== Instructions to follow ==
Your answer is a copy of every line in the records where "Oldham" appears.

== Information ==
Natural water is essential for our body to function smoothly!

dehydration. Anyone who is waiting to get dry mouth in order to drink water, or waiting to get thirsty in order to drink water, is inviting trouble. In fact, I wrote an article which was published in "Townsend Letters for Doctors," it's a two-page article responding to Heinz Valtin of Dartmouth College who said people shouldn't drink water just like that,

--

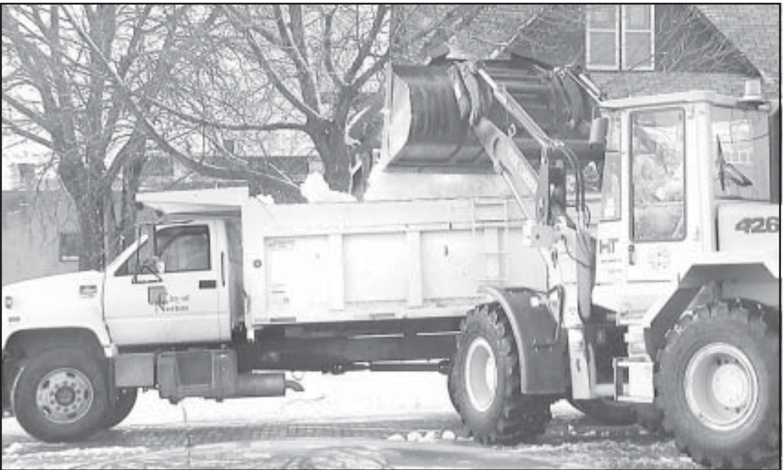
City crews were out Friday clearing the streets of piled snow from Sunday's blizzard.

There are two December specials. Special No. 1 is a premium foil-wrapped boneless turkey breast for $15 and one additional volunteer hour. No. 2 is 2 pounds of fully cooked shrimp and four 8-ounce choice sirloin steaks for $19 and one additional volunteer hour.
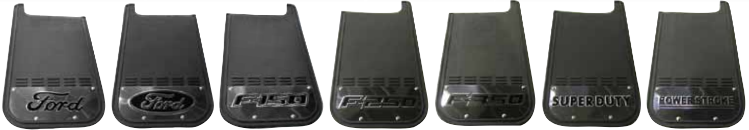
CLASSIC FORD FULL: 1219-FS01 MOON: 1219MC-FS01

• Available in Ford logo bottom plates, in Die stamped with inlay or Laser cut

--

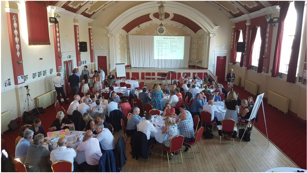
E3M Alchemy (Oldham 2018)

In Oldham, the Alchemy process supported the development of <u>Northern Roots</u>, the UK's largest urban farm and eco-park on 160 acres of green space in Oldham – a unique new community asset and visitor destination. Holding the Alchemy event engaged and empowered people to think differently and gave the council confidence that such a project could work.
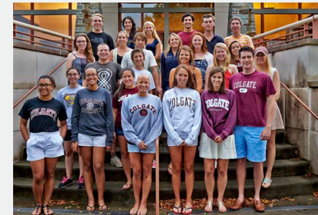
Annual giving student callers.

== Task solution ==
E3M Alchemy (Oldham 2018)
In Oldham, the Alchemy process supported the development of <u>Northern Roots</u>, the UK's largest urban farm and eco-park on 160 acres of green space in Oldham – a unique new community asset and visitor destination. Holding the Alchemy event engaged and empowered people to think differently and gave the council confidence that such a project could work.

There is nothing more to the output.